For instance, at block 1310 in FIG. 13, the application scanning service system 100 can populate the new DetectionData element with relevant target functionality information from Result r. In some cases, the application scanning service system 100 can populate the new DetectionData element by copying the values of the caller class and method fields from the Result r to the values of the target class and method fields in new DetectionData element.


At block 1310, the application scanning service system 100 can also update the new DetectionData element with values of the lastSeen, added, and “removed” fields. For instance, the application scanning service system 100 can determine if the Result r includes a value for the lastSeen field. If the value for the lastSeen field exists in Result r, the application scanning service system 100 can update the lastSeen field in the new DetectionData element to the application version number stored in the lastSeen field from the Result r. Otherwise, the application scanning service system 100 can update the lastSeen field in the new DetectionData element to the application version number stored in the appVersion field of the analysis data object that includes scan result r. The application scanning service system 100 can also determine if the scan result r includes a “true” value for the “removed” field. If the scan result r includes a “true” value for the “removed” field, the application scanning service system 100 can set the “removed” field in the new element to a “true” value. Otherwise, the application scanning service system 100 can leave the “removed” field in the new element with a default “false” value or set the “removed” field to a “false” value. In some instances, the application scanning service system 100 also determines if the scan result r includes a “true” value for the “added” field. If the scan result r includes a “true” value for the “added” field, the application scanning service system 100 sets the “added” field in the new element to a “true” value. Otherwise, the application scanning service system 100 can leave the “added” field in the new element with a default “false” value or sets the “added” field to a “false” value.
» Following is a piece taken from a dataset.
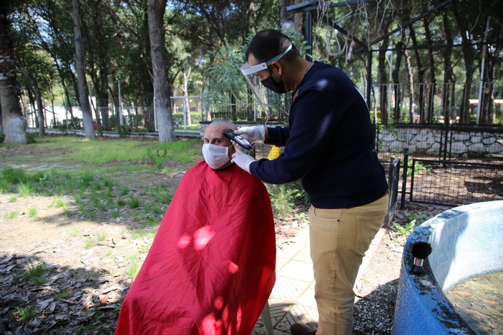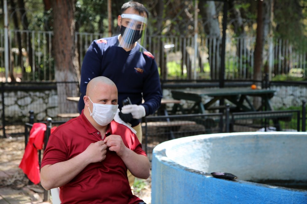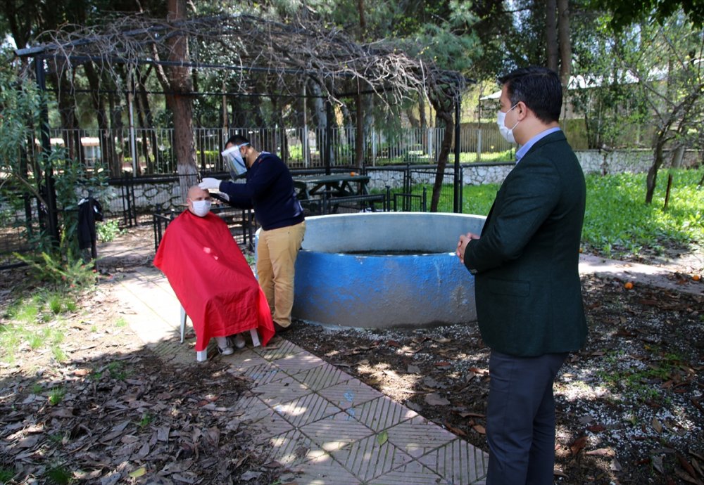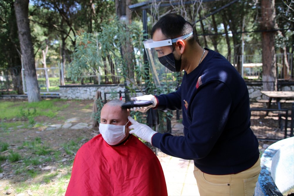 Burada il müdürlüğünde çalışan ve daha önce berberlik yapan bir personel tarafından kurumun bahçesinde gerekli sağlık tedbirleri alınarak tıraş edilen Aslan, kendisini rahatsız eden saçlarından kurtulunca büyük mutluluk yaşadı.

Furthermore, at block 1311, the application scanning service system 100 can check for another available Result from the analysis object. Upon identifying another available Result, the application scanning service system 100, proceeds to block 1301, with the available Result. Otherwise, if the application scanning service system 100 has iterated through the entire Result set, the Issues set is complete, as shown in block 1312. The process 1300 can provide the Issue set to process 900, in which the application scanning service system 100 can output the Compiled object having the Issues set. In some implementations, the analysis data object utilized to build the “compile” object is replaced with the “compile” object, as depicted in FIG. 15 (e.g., the analysis data object 1502).
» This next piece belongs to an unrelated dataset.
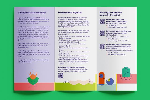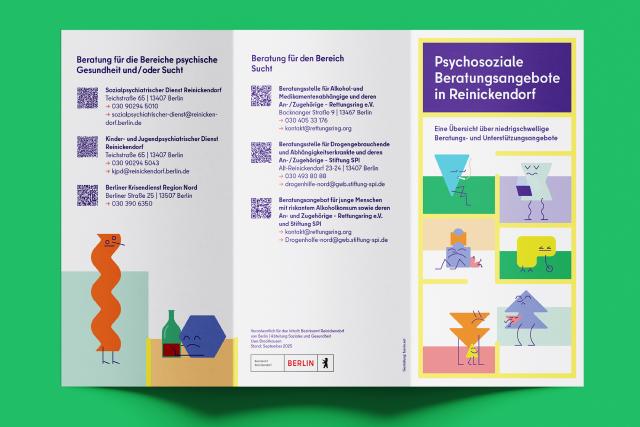 Viele Menschen mit psychischen Belastungen oder Suchterkrankungen stoßen noch immer auf Vorurteile und Hürden, Hilfsangebote sind oftmals schwer zugänglich, und es ist nicht immer leicht zu erkennen, welche Unterstützung im individuellen Fall passen könnte. In Zusammenarbeit mit dem Bezirksamt Berlin-Reinickendorf entwickelten wir eine Kampagne, die über niedrigschwellige psychosoziale Angebote des Bezirks aufklärt. Mittels Illustrationen und fröhlich anmutenden Farben vorbildlichen wir auf eine emphatische Weise Symptome persönlicher Krisen, Krankheitsbilder oder psychischer Schwierigkeiten.

In some implementations, the application scanning service system 100 can utilize an analysis data object with an Issues set to automatically generate data to be uploaded to online environments that audit input applications before making the input applications available for download. For instance, an online environment for distributing mobile applications (e.g., an application deployment platform system) may require completion of a questionnaire or other assessment regarding data categories and purposes for data collected by each mobile application. Manually completing such questionnaires can result in errors or inaccuracies. The application scanning service system 100 provides a practical application that intelligently determines data categories and/or data processing activity components to mitigate this problem by auto-generating a table (e.g., a spreadsheet, a set of comma-separated values, etc.) of questionnaire answers to be uploaded. In an illustrative example, the application scanning service system 100 can generate a template table that includes a first column in which each row identifies a data category or purpose found in one or more detector specifications used to generate an analysis data object and a second column that indicates whether an input application collects data for that data category or purpose. Furthermore, the application scanning service system 100 can build an output table by creating a copy of the template table, updating rows in the second column to a “true” value (or leaving a default “true” value unchanged) if the identified data category or purpose matches a “type” value for an Issue element in the Issues set, and updating rows in the second column to a “false” value (or leaving a default “false” value unchanged) if the identified data category or purpose fails to match the “type” value for any of the Issue elements in the Issues set.


Example of “Compare Results” Process

As mentioned above, the application scanning service system 100 can determine changes of data processing activity components and/or data categories detected between scans of different versions of the application code. For example, FIG. 16A illustrates the application scanning service system 100 determining changes of data processing activity components and/or data categories detected between scans of different application code versions. In addition, FIG. 16B illustrates the application scanning service system 100 providing, for display within a graphical user interface, a scan report for an application code that indicates changes of data processing activity components and/or data categories detected between application code versions.


For example, as shown in FIG. 16A, the application scanning service system 100 utilizes the application scanning service 1608 with an application code 1606 to generate analysis data object(s) 1610. Indeed, as shown in FIG. 16A, the analysis data object(s) 1610 includes a data processing activity component(s) and/or a data category(s). Indeed, the application scanning service system 100 can generate the analysis data object(s) 1610 (via a scan) in accordance with one or more embodiments herein.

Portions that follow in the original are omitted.